The Strength Of Weak Ties

A (Networking)In addition to the types of people with whom you network, to benefit your network you also need to consider the extent with which you know people
in your network. This is known as “The Strength of Weak Ties.”

In his 1974 book Getting A Job, author and sociologist Mark Granovetter found that 56% of people found jobs through personal contacts. This is
not surprising. After all, it is “not what you know, but who you know.”

The surprise in his research, however, was that the personal contacts used to obtain these jobs were not from family or close friends. Rather a significant majority of people who found jobs via personal contacts did so via their “weak ties”. In fact, 55.6% of individuals reported that they saw their “job-producing” contact only occasionally and 27.8% saw their contact only rarely.

Therefore, when it comes to finding out about new jobs – or, for that matter, gaining new information or looking for new ideas or finding clients – weak ties tend to be more important than strong ties.
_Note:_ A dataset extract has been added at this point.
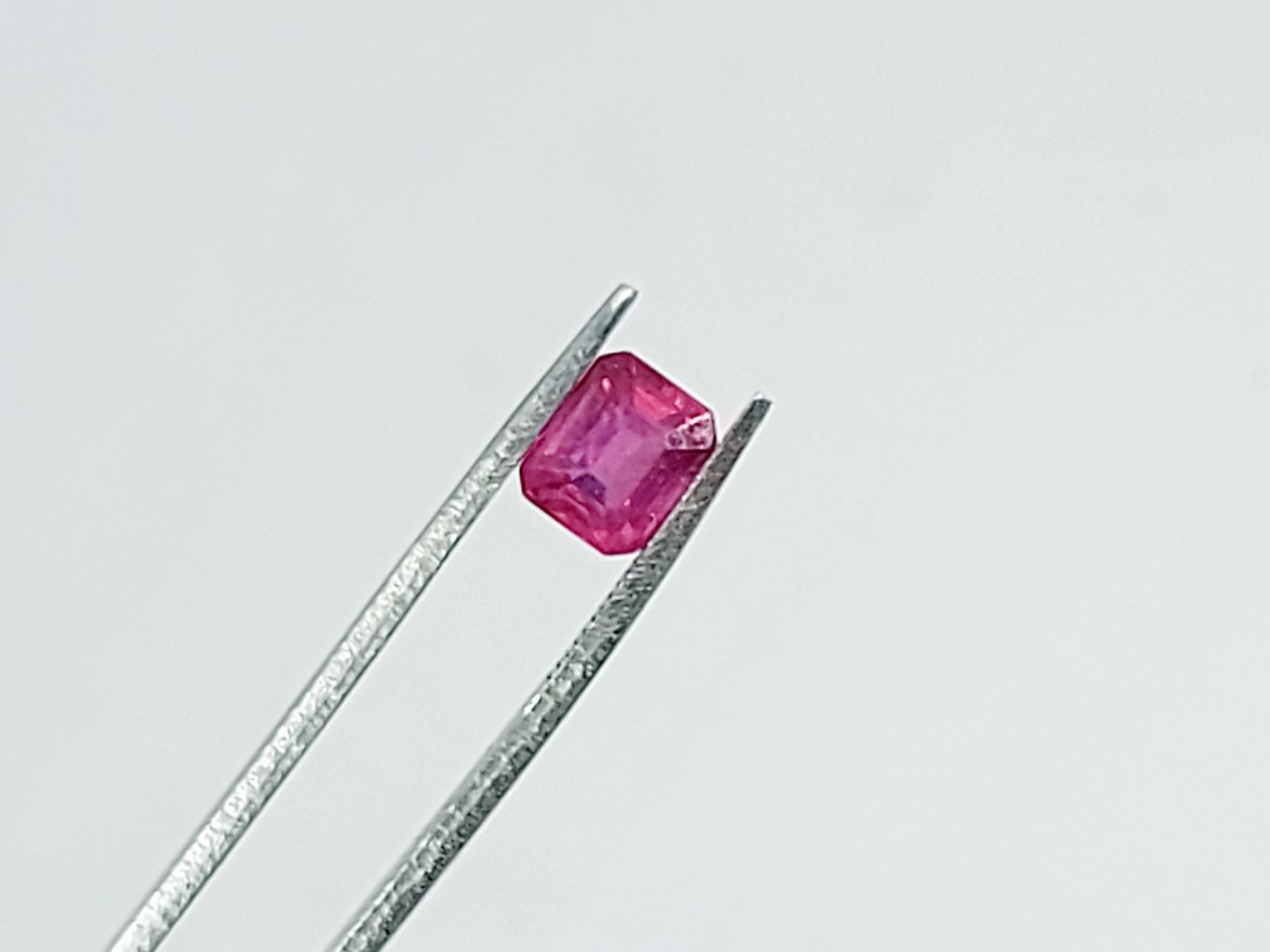 1.85 ct. 6.7 x 5.5 x 4.1 mm Colour:Red , Shape: Emerald Cut , Clarity: VVS - Eye Clean , Luster: Exceptional , Origin: Madagascar Heated G.F.

Why? Because your close ties tend to occupy the same world as you do. For example, a spouse or close friend might substantially share the same network as you. Thus, they could only refer or connect you to people you already know.

Mere acquaintances, on the other hand, are much more likely to know something or someone that you do not. While you might share a small overlap in networks, most of the people they know are completely unexplored territory for you.
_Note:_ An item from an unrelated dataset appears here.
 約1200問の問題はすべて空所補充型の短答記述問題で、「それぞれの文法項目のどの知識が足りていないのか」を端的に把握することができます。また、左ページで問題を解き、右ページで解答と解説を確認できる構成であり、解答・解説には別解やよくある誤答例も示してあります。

Bringing the concept of “The Strength of Weak Ties” into your business, profession or career means this: Do NOT rely on those that you know real well to build your clientele.
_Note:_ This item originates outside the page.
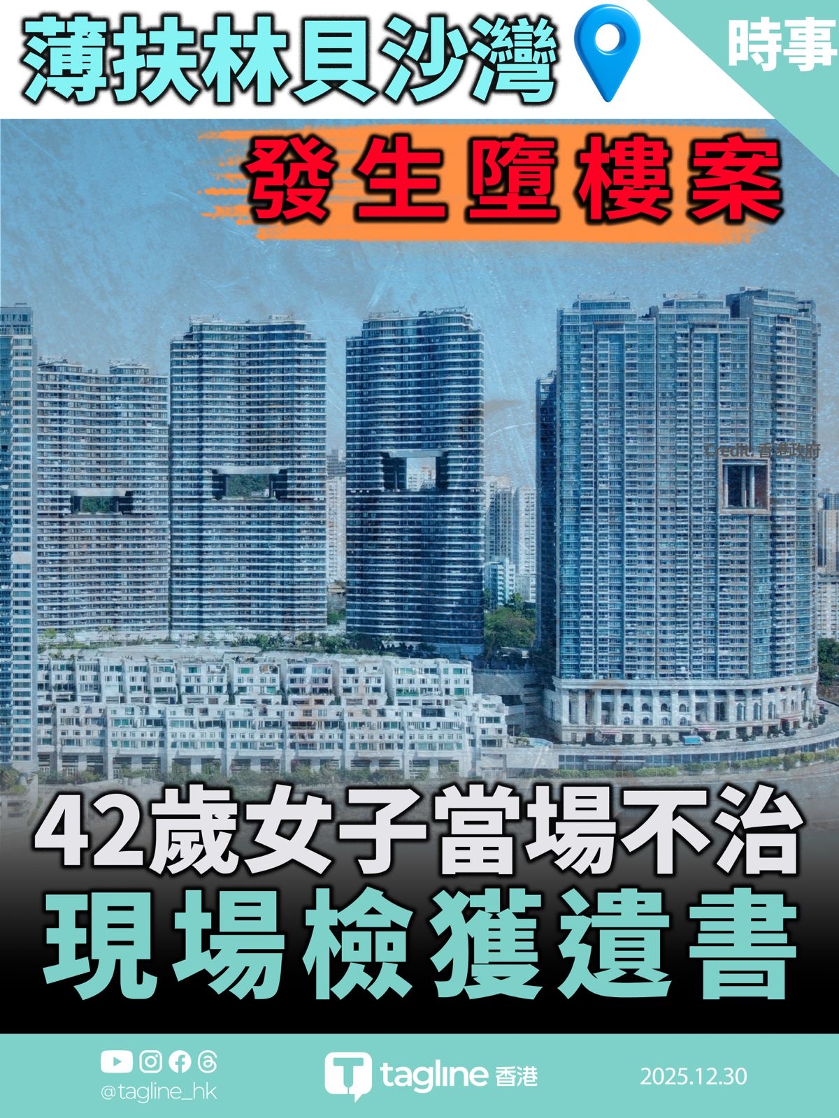 薄扶林貝沙灣今日凌晨發生一宗墮樓案,一名女子被發現倒臥平台,當場證實死亡。警方於現場檢獲遺書,案件暫列作自殺案處理。

Rather, a better means for fortifying your network is to make a point of occasionally associating with people you know, but not that well. The person from work that you sort of knew from occasional meetings or trips up on the elevator. The person at church that you see every week and can address by name, but you know little else about them.

Thus, from a networking perspective, the most important people in your life are the people who aren’t closest to you. In fact, the more people you know who aren’t close to you the stronger your position becomes.

In summary, what matters in getting ahead is the quality of your relationship, but one measure of quality is to what extent someone is not particularly close to you. Having lunch with your long-time best buddy can be fun. It, however, does little to build your network. If you want to build your network, have lunch with someone you know, but not that well (e.g., the friendly stranger).